A partir de ahí, el actor trató de dejar claro que su frase inicial no era un juicio sobre las actrices, sino una forma torpe —y humorística— de contar cómo la vida le cambió el guion. Cuando la conoció, insistió, ella era bailarina y lo sigue siendo; la actuación vino después, como un territorio que se sumó, no como una imposición.

En los comentarios, el público hizo lo que mejor sabe hacer cuando se le abre una ventana a la intimidad ajena: bromear, corregir, exagerar y defender. Algunos se burlaron del enredo lógico, otros puntualizaron que “ella es bailarina”, mientras no faltaron quienes pidieron que no se “encendiera más candela”. También aparecieron lecturas más amables: elogios a la pareja, comentarios sobre lo bien que él habla de su esposa y mensajes que celebran la química entre ambos.

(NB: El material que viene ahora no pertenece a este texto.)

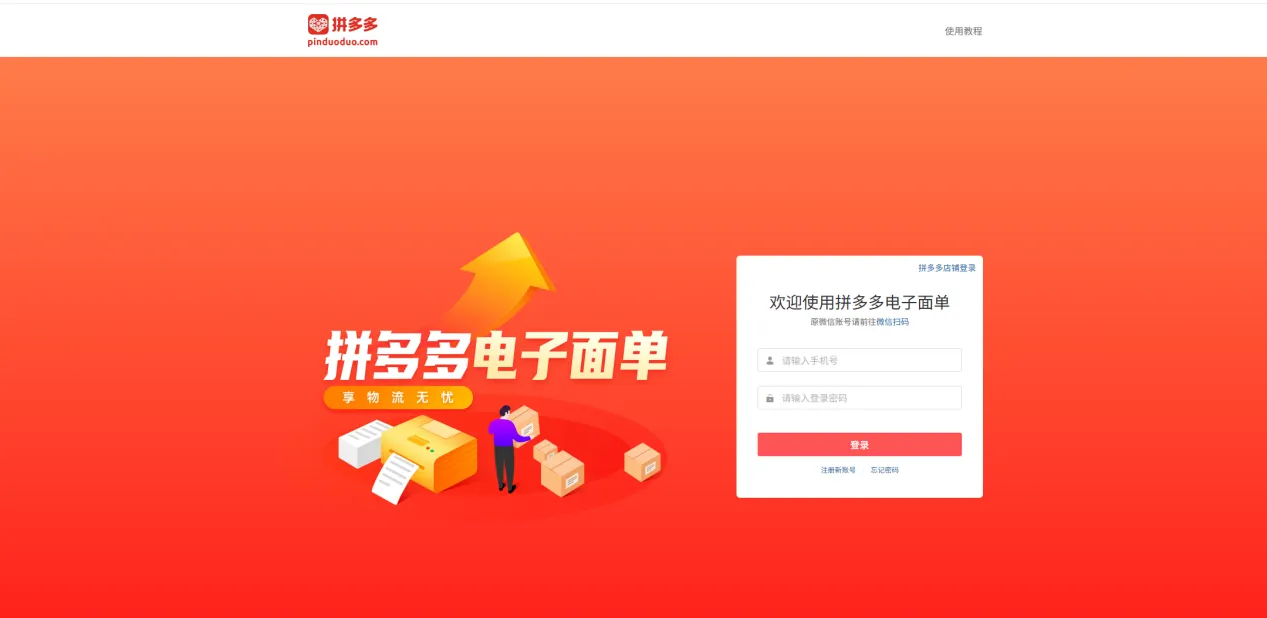 登录拼多多的店铺主账号,在店铺后台申请发货地的快递公司电子面单服务
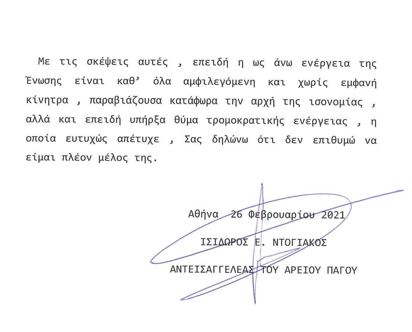 Με την επιστολή παραίτησης προς την Ένωση, ο κ. Ντογιάκος υπογραμμίζει ότι ανάλογες ενέργειες κλονίζουν το κύρος της Δικαιοσύνης, υπενθυμίζοντας ότι κι ο ίδιος υπήρξε θύμα τρομοκρατικής ενέργειας.

Como suele ocurrir en estos casos, junto al relajo apareció el filo: críticas gratuitas, ataques a la apariencia y respuestas airadas contra lo que algunos interpretaron como envidia. El resultado final fue un retrato doble: un actor atrapado en una frase con dinamita y una audiencia que, entre risas y pullas, terminó rearmando el sentido.

Al final, más que un rechazo a “una actriz”, lo que quedó fue la constatación de algo mucho más simple: la persona que Enrique Bueno conoció como bailarina terminó ocupando también el espacio de la actuación, con o sin etiquetas previas, y las redes hicieron el resto.